WHAT YOU HAVE TO DO » Look below for the line containing "In the Dashboard" and the line containing "Para más información", then set down both and every line between them exactly, without pictures.

Records from a data collection

++++++

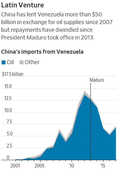 Avete notate, poi, il silenzio tombale della Cina? E signori, Pechino non ha di certo meno da perdere di Mosca nella disputa caraibica. Ce lo mostra questo grafico: se per caso Guaidó, Lopez o chi per loro dovessero davvero prendere il potere e mettere mano all’unica fonte di ricchezza del Paese, il petrolio, pensate che ripagare i debiti contratti con il Dragone – roba con qualche zero in coda – sarà la loro priorità?
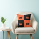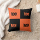 Halloween-Wurfskissen gezeigt in den orange/schwarzen Farbblöcken mit Boo! Text. Fertigen Sie dieses Einzelteil besonders an oder kaufen Sie, wie ist.
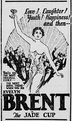 The Jade Cup is a 1926 American silent mystery film directed by Frank Hall Crane and starring Evelyn Brent, Jack Luden and Eugene Borden.[1]
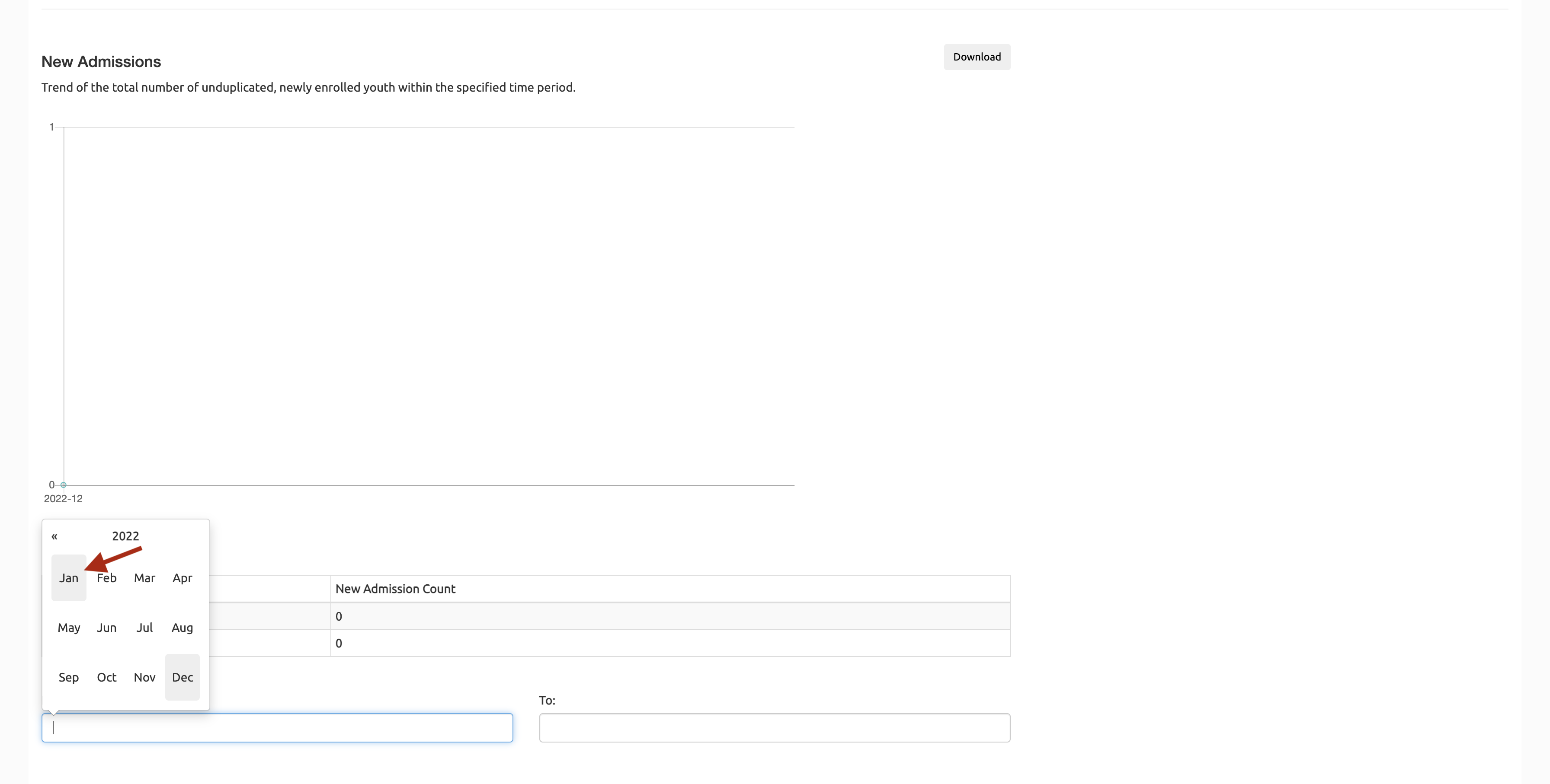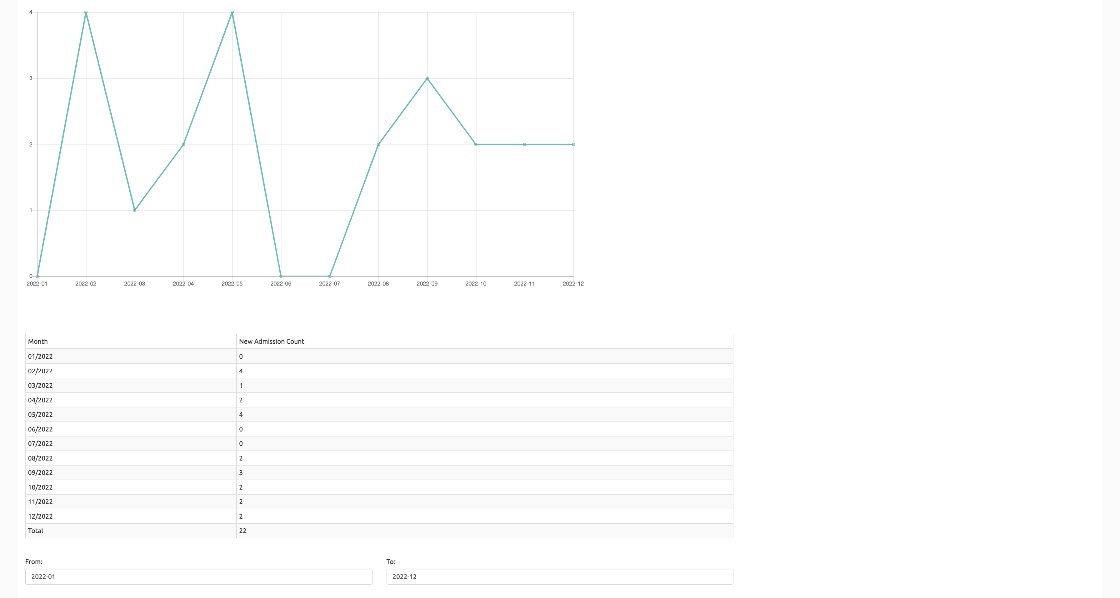 In the Dashboard view, for each graph, select months from the "From" and "To" date fields to display the counts for a specific time range:
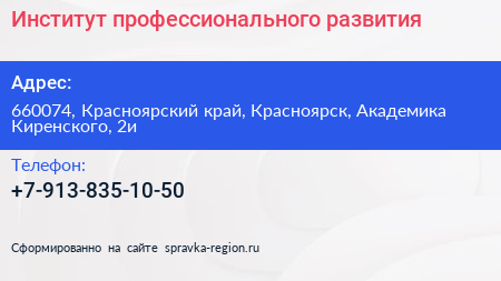 Институт профессионального развития по адресу 660074, Красноярский край, Красноярск, Академика Киренского, 2и в дальнейшем Организация, размещена в следующих категориях:
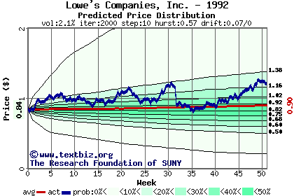 The high to date and low to date prices of the stock plotted against a random walk model for 1992 (what's this?).
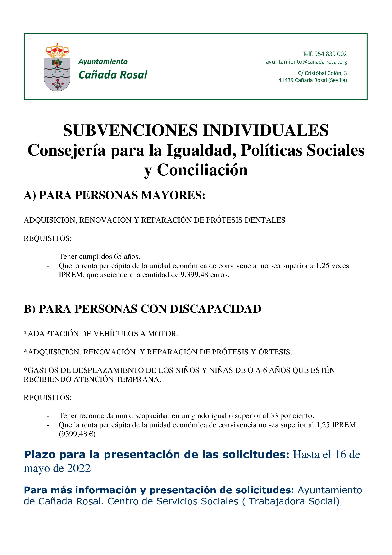 Para más información y presentación de solicitudes: Servicios Sociales del Ayuntamiento de Cañada Rosal (Trabajadora Social).
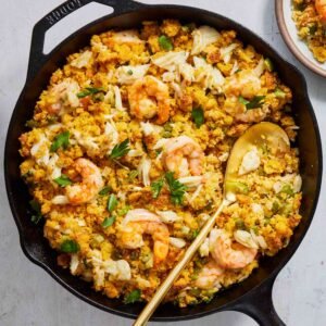 Seafood dressing is a luxurious twist on a traditional Southern classic, combining the rich, savory flavors of the sea with the comforting taste of cornbread stuffing. This dish begins with a base of moist, buttery cornbread, crumbled and mixed with sautéed vegetables like onions, celery, bell peppers, and garlic (Also Known As The Holy Trinty). These aromatic ingredients create a flavorful foundation that perfectly complements the seafood. A combination of shrimp, crabmeat, and sometimes crawfish or scallops is then folded into the mixture, adding a sweet and briny depth that transforms the dressing into a show-stopping side dish or even a main course. The seasoning is what truly makes seafood dressing shine. Creole or Cajun spices are often added to give the dish a bit of heat and complexity—think paprika, cayenne, thyme, and Old Bay. Some recipes include a touch of Worcestershire sauce or seafood stock for extra richness, keeping the dressing moist while intensifying the seafood flavor. The mixture is then baked until golden brown on top and slightly crisp around the edges, with a soft, savory center that bursts with flavor in every bite.Seafood dressing is especially popular during the holiday season or at Sunday dinners in the South, where it often replaces or complements traditional turkey or chicken dressing. It pairs beautifully with roasted meats, gumbo, or collard greens, and it’s an absolute hit on any festive table. The combination of cornbread and fresh seafood makes this dish both hearty and elegant, offering a taste of comfort and coastal flair in every spoonful. Whether served as a side or the main attraction, seafood dressing is a true celebration of Southern culinary creativity.

++++++

ANSWER BELOW »
 In the Dashboard view, for each graph, select months from the "From" and "To" date fields to display the counts for a specific time range:
 Институт профессионального развития по адресу 660074, Красноярский край, Красноярск, Академика Киренского, 2и в дальнейшем Организация, размещена в следующих категориях:
 The high to date and low to date prices of the stock plotted against a random walk model for 1992 (what's this?).
 Para más información y presentación de solicitudes: Servicios Sociales del Ayuntamiento de Cañada Rosal (Trabajadora Social).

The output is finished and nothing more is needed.